いや、でも、アタシがここにいることはキーリャもカヌヌも知らないはず……。
自問自答ののち、ラッティはサッと外套のフードを目深に被り直した。
そうだよ。そもそもアタシは今〝ラッティ〟じゃないし。
むさ苦しい人間の大男にちゃんと化けられてるはずだし。
そう自分に言い聞かせるも、額からだらだらと冷や汗が流れてくる。
……本当は分かっていた。
生粋の狩人であるキーリャなら、物陰で息を潜める不届き者の気配に気づくことなど造作もないということは。
「……あら。気のせいかしら。確かに酒臭い狐のにおいがしたと思ったんだけど」
「……!」
「ま、いいわ。出てきたくないならそれもあんたの自由だし。代わりに私らはさっさと宿に戻って、無断外出がバレないようしっかり雨戸を施錠しとくから……」
「ああああああああ! ハイそうですごめんなさい、アタシが酒臭い狐ですぅ!」
キーリャの身を案じて探しに来たはずの自分が、宿から閉め出されたあげく凍える一夜を過ごす羽目になるなんて本末転倒だ。ゆえにラッティは物陰からガバリと立ち上がり、早々に謝罪と降伏の言葉を口にした。
が、その声に仰天したらしいカヌヌが、悲鳴を上げながら落ちてくる。
もこもこの外套ともこもこの帽子、そしてもこもこの雪靴ともこもこの手袋に全身を包まれた彼は幸いもこもこに守られ怪我などはしなかったようだが、完全に腰を抜かして唖然とラッティを見つめていた。

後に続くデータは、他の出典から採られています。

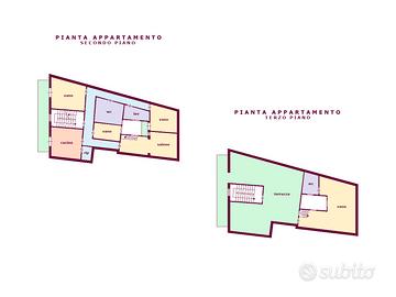 Avente una superficie di circa 165 m² e situato al secondo e terzo piano di un piccolo edificio composto solamente da un'altra unità abitativa, attualmente si compone al secondo piano da cucina semiabitabile, comodo salone, tre vani, ripostiglio, lavanderia, servizi igienici e due balconi, ed al terzo piano, accessibile da scala interna e da vano scala, da un ampio locale con camino adibito a soggiorno/taverna, servizi igienici e terrazzo a livello di circa 90 m² con angolo barbecue in muratura. E' compreso posto auto assegnato su corte di ingresso in comune con l'unità al primo piano.

「ら……ラッティサン……!? イツからいたデスカ……!?」
「わりと最初からいたわよ。わざわざ風上から酒のにおいをぷんぷんさせてくるから、私はすぐに気づいたけど」
「サイショから……!? じ、じゃあ今のボクたちの話、聞いてたデスカ……!?」
「う、うん……ごめん……だ……だいたい聞こえてた、かな……」
キーリャに潜伏を看破された時点で、観念して化かしの術を解いたラッティは、意味もなく頭を掻きながら目を泳がせた。だって今の今まで隠れて会話を盗み聞きしていたなんてバツが悪いし、何よりさっき聞いたばかりのカヌヌの本心を思い返すと、何だか照れ臭くてふたりを直視できなかったし。
「で、隊長。あんたの答えは?」
ところが照れるラッティと絶句するカヌヌ、その双方を差し置いて、腕を組んだキーリャが涼しい顔で尋ねてきた。初めからラッティが近くまで来ていることに気がついていた彼女にしてみれば、たぶん話が早くて助かる程度の認識なのだろう。
豹人のキーリャとはそういうヤツだ。過ぎたことにはこだわらず、合理主義で、他者にも自分にも無関心。でも実は意外と世話好きで、仲間想いで、誰かを思いやれる心の持ち主だということも、ラッティはちゃんと知っている。
「……そうだな。アタシの考えとしては──」
ゆえにラッティは、迷うことなく口を開いた。
このふたりの仲間を大好きだと思う気持ちと同じくらい明確に、答えはもう、決まっていたから。